## EXERCISE REQUIREMENTS
Give the data again word for word; drop the pictures.

(Records drawn from a dataset)
────
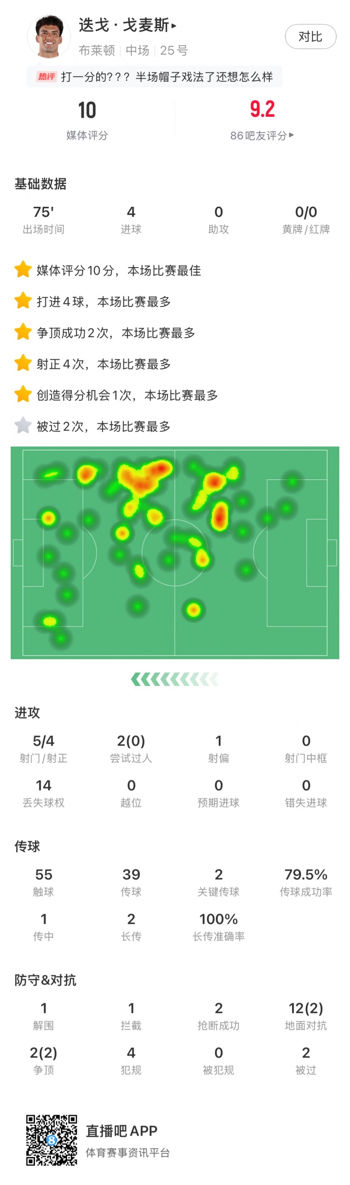 09月24日讯 联赛杯第三轮,布莱顿6-0巴恩斯利。本场比赛,迭戈-戈麦斯代表布莱顿上演了大四喜。
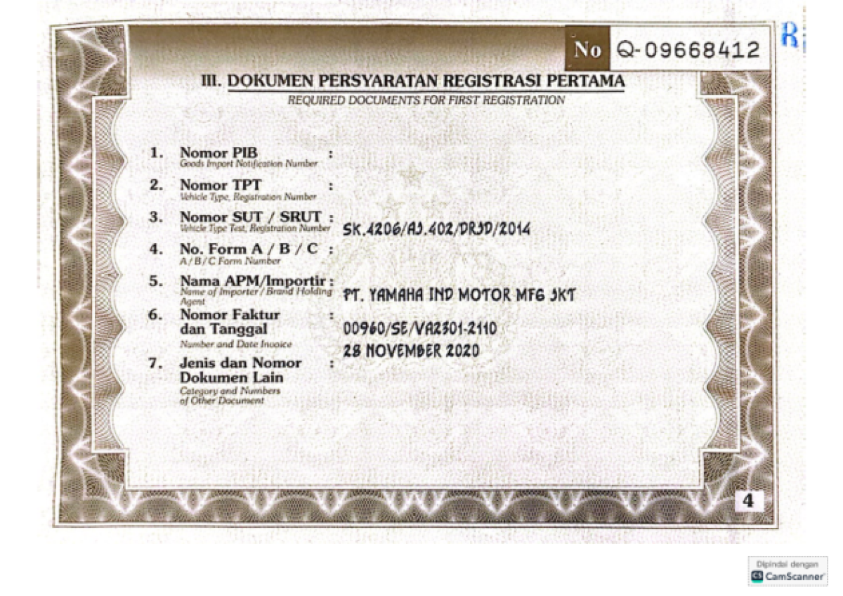 | STNK | : | Tidak Ada |
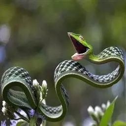 绿瘦蛇是游蛇科,瘦蛇属轻毒性后沟牙毒蛇。体型极细而长,长可达1.5米。头较窄长,…
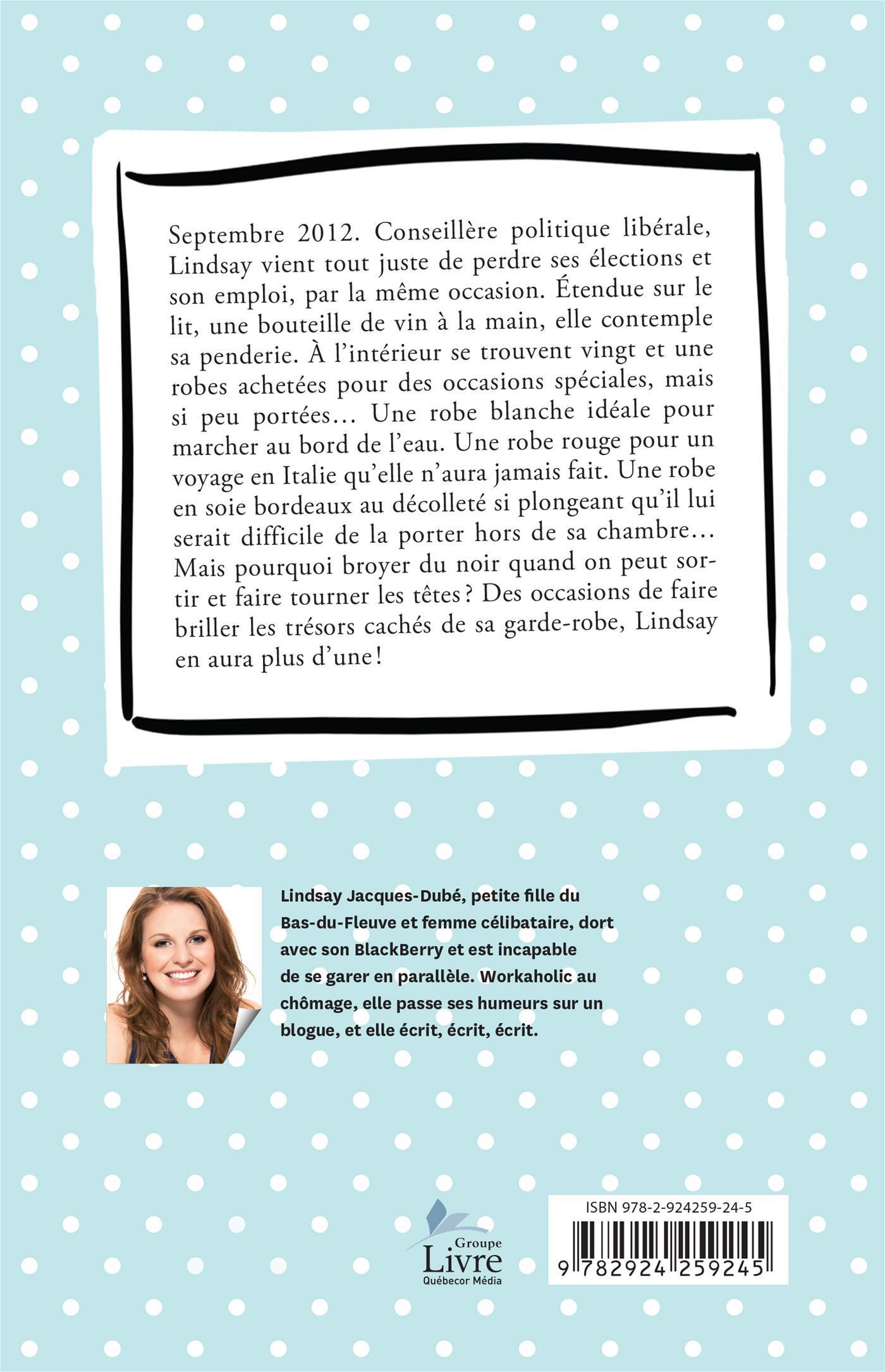 "Septembre 2012. Conseillère politique libérale, Lindsay vient tout juste de perdre ses élections et son emploi, par la même occasion. Étendue sur le lit, une bouteille de vin à la main, elle contemple sa penderie. À l'intérieur se trouvent vingt et une robes achetées pour des occasions spéciales, mais si peu portées… Une robe blanche idéale pour marcher au bord de l'eau. Une robe rouge pour un voyage en Italie qu'elle n'aura jamais fait. Une robe en soie bordeaux au décolleté si plongeant qu'il lui serait difficile de la porter hors de sa chambre… Mais pourquoi broyer du noir quand on peut sortir et faire tourner les têtes? Des occasions de faire briller les trésors cachés de sa garde-robe, Lindsay en aura plus d'une!"
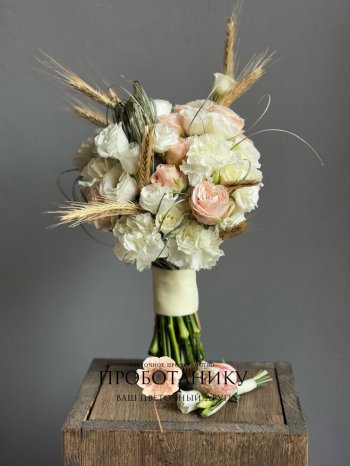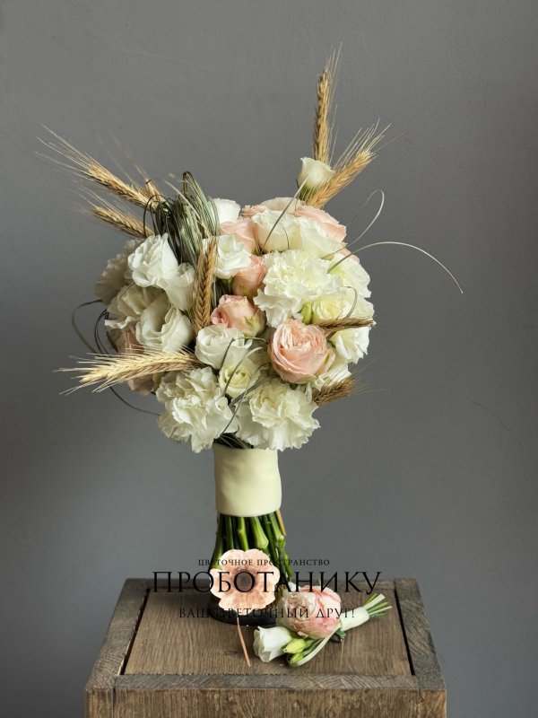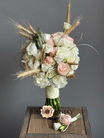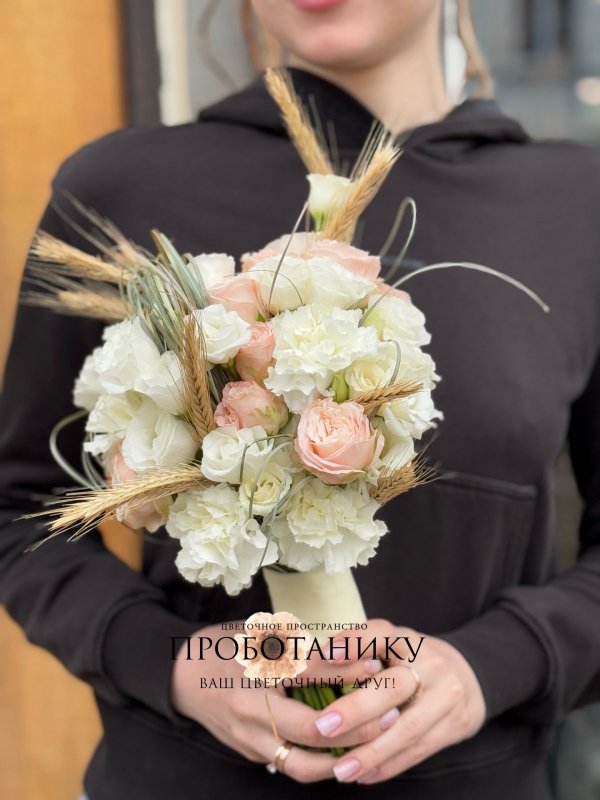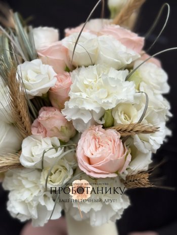 Букет невесты с колосьями пшеницы от флористов цветочного пространства "ПРОБОТАНИКУ".
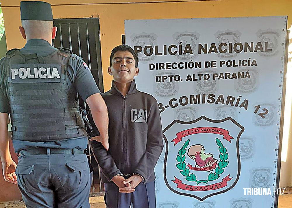 Um jovem foi preso na manhã de ontem, sexta-feira 10 de abril de 2026, no assentamento Renacer, Km 7,5 em Ciudad del Este, no Paraguai, por supostamente ter cometido violência doméstica e incendiado intencionalmente a motocicleta de seu padrasto.
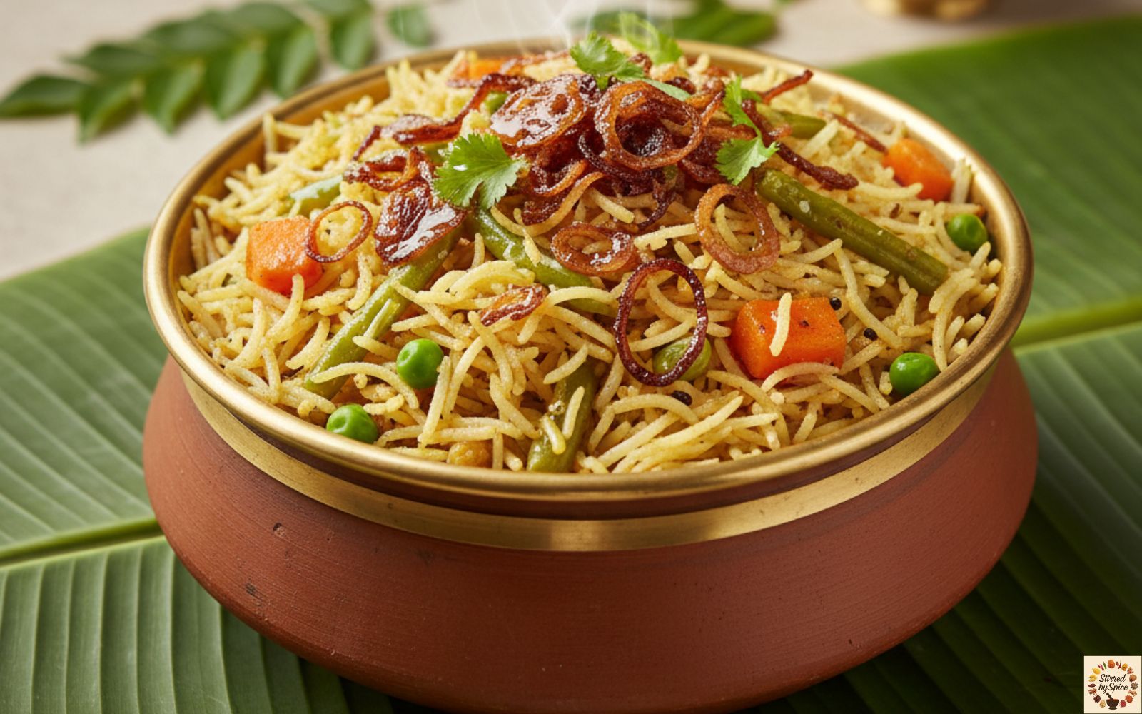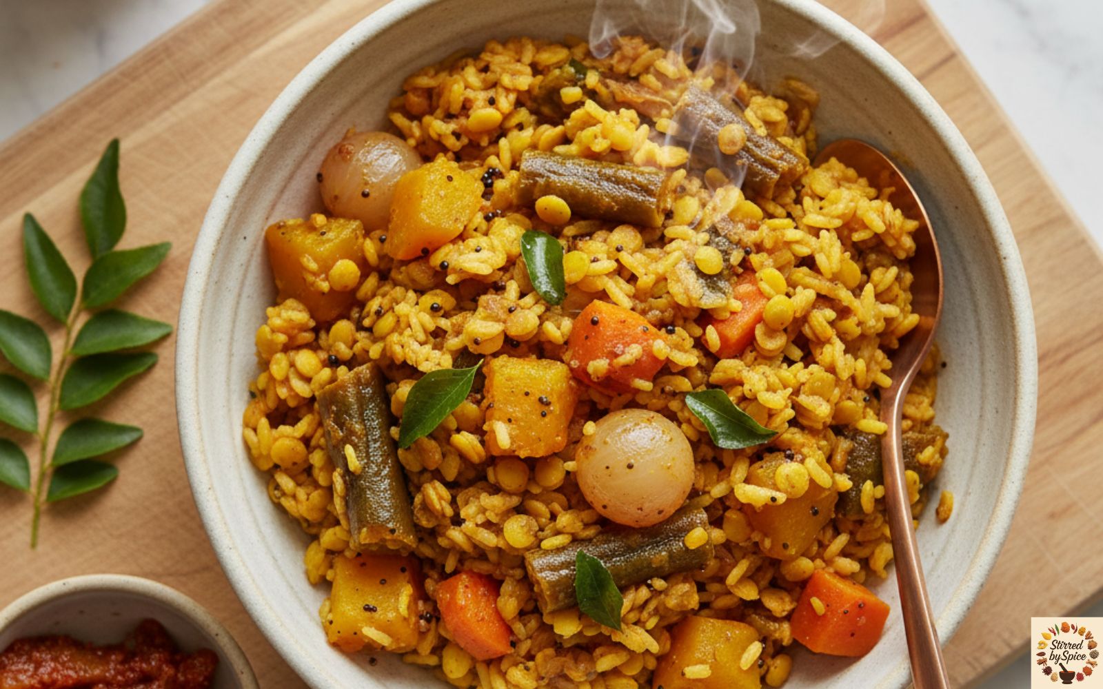 A bold, spicy semolina dish from Karnataka β rich with ghee, vegetables, and fragrant
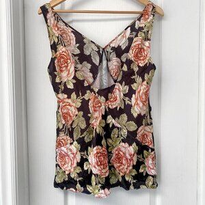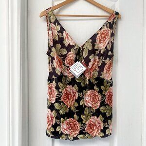 PACO Rabanne - Brown / Pink Multi Silk & Velvet Mixed Media Floral Rose V-Neck
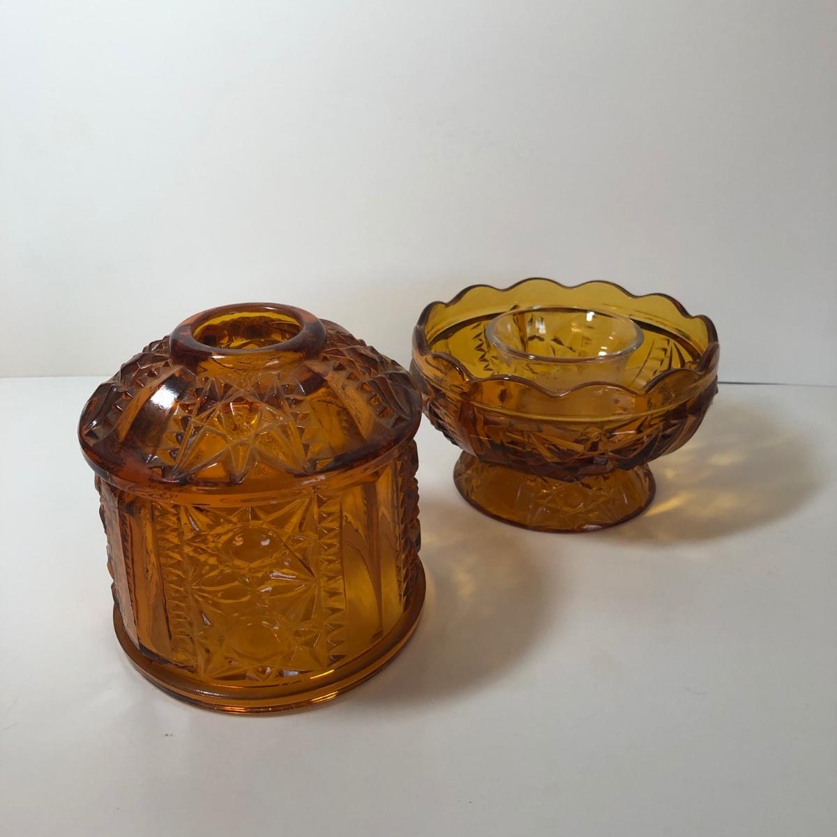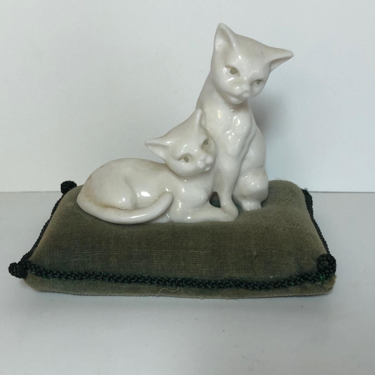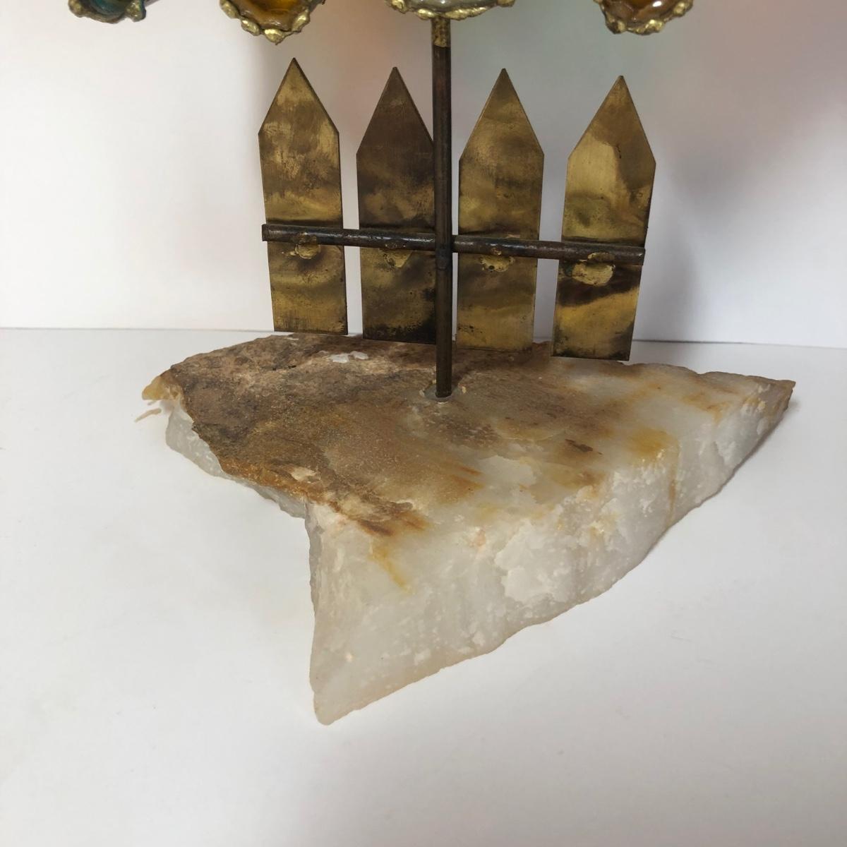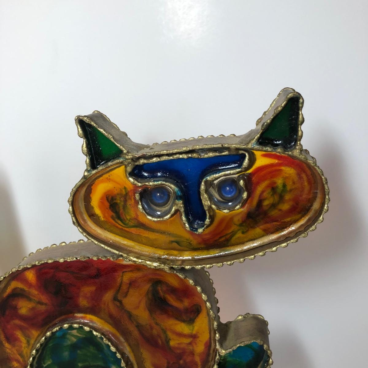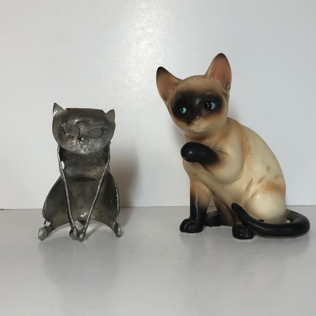 LOT 51M: Stained Glass Cat Sculpture, Miniature Clocks, Amber Glass Candle holder & Cat Figurines
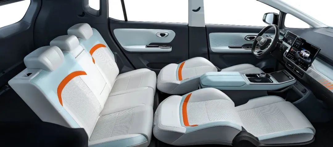 AION Y内饰运用专属清新静谧马卡龙色,搭配亮橙色3D运动织物,时刻彰显年轻活力。通过CMF 创新以及精致工艺、天然环保材料的设计,做到了以趣味打败无聊,以艺术重构审美,以科技完成进化。
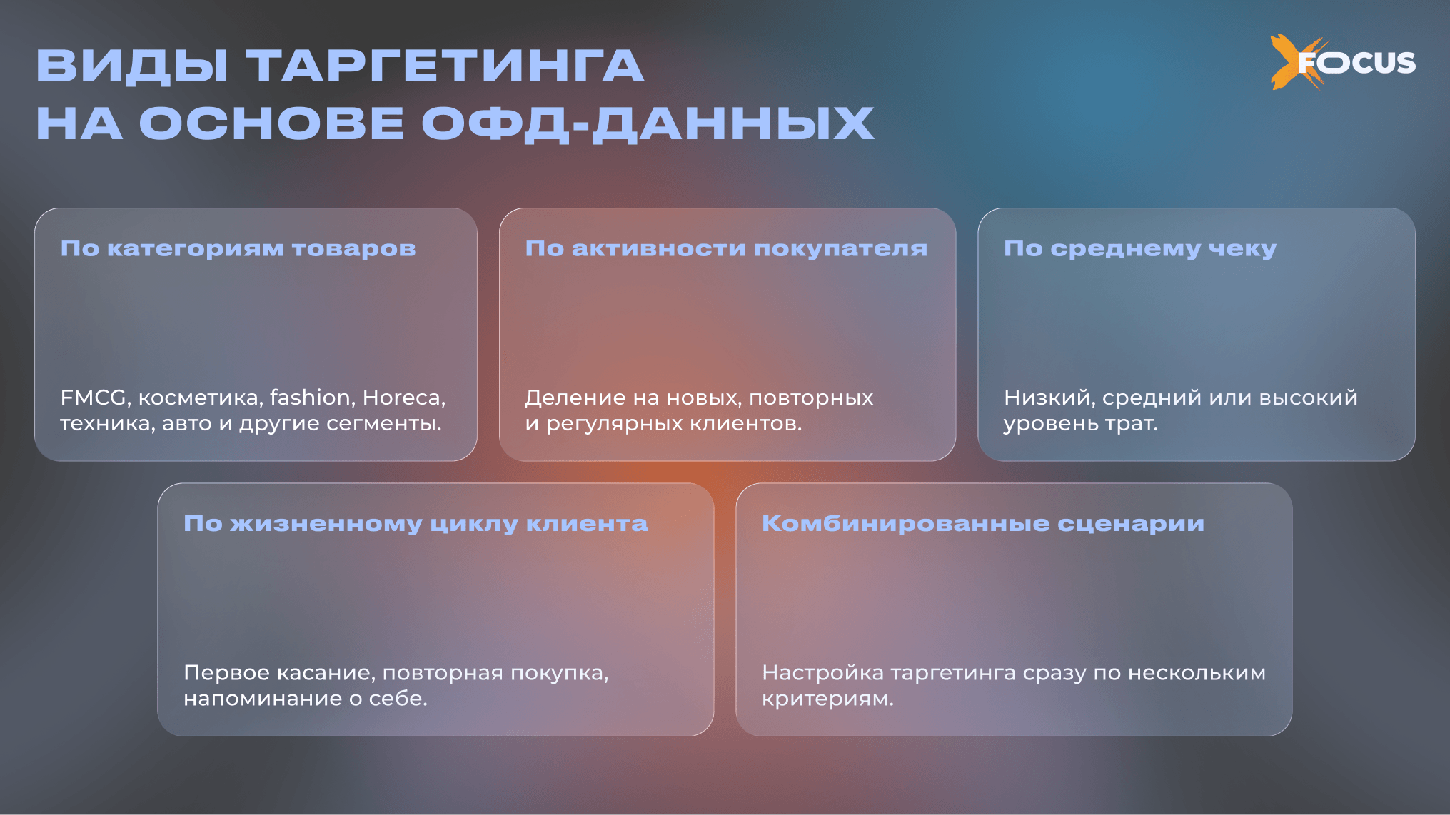 Сегменты XFocus формируются на основе реальных покупок и помогают решать конкретные маркетинговые задачи брендов. Платформа также предоставляет доступ к широкому набору таргетингов, включая категорию товаров, активность покупателей, уровень среднего чека и жизненный цикл клиента. Возможна комбинация фильтров и индивидуальная настройка под KPI, а интеграция с гео-, социально-демографическими и поведенческими данными повышает результативность рекламных кампаний.
────
## ANSWER TO THIS EXERCISE
 09月24日讯 联赛杯第三轮,布莱顿6-0巴恩斯利。本场比赛,迭戈-戈麦斯代表布莱顿上演了大四喜。
 | STNK | : | Tidak Ada |
 绿瘦蛇是游蛇科,瘦蛇属轻毒性后沟牙毒蛇。体型极细而长,长可达1.5米。头较窄长,…
 "Septembre 2012. Conseillère politique libérale, Lindsay vient tout juste de perdre ses élections et son emploi, par la même occasion. Étendue sur le lit, une bouteille de vin à la main, elle contemple sa penderie. À l'intérieur se trouvent vingt et une robes achetées pour des occasions spéciales, mais si peu portées… Une robe blanche idéale pour marcher au bord de l'eau. Une robe rouge pour un voyage en Italie qu'elle n'aura jamais fait. Une robe en soie bordeaux au décolleté si plongeant qu'il lui serait difficile de la porter hors de sa chambre… Mais pourquoi broyer du noir quand on peut sortir et faire tourner les têtes? Des occasions de faire briller les trésors cachés de sa garde-robe, Lindsay en aura plus d'une!"
 Букет невесты с колосьями пшеницы от флористов цветочного пространства "ПРОБОТАНИКУ".
 Um jovem foi preso na manhã de ontem, sexta-feira 10 de abril de 2026, no assentamento Renacer, Km 7,5 em Ciudad del Este, no Paraguai, por supostamente ter cometido violência doméstica e incendiado intencionalmente a motocicleta de seu padrasto.
 A bold, spicy semolina dish from Karnataka β rich with ghee, vegetables, and fragrant
 PACO Rabanne - Brown / Pink Multi Silk & Velvet Mixed Media Floral Rose V-Neck
 LOT 51M: Stained Glass Cat Sculpture, Miniature Clocks, Amber Glass Candle holder & Cat Figurines
 AION Y内饰运用专属清新静谧马卡龙色,搭配亮橙色3D运动织物,时刻彰显年轻活力。通过CMF 创新以及精致工艺、天然环保材料的设计,做到了以趣味打败无聊,以艺术重构审美,以科技完成进化。
 Сегменты XFocus формируются на основе реальных покупок и помогают решать конкретные маркетинговые задачи брендов. Платформа также предоставляет доступ к широкому набору таргетингов, включая категорию товаров, активность покупателей, уровень среднего чека и жизненный цикл клиента. Возможна комбинация фильтров и индивидуальная настройка под KPI, а интеграция с гео-, социально-демографическими и поведенческими данными повышает результативность рекламных кампаний.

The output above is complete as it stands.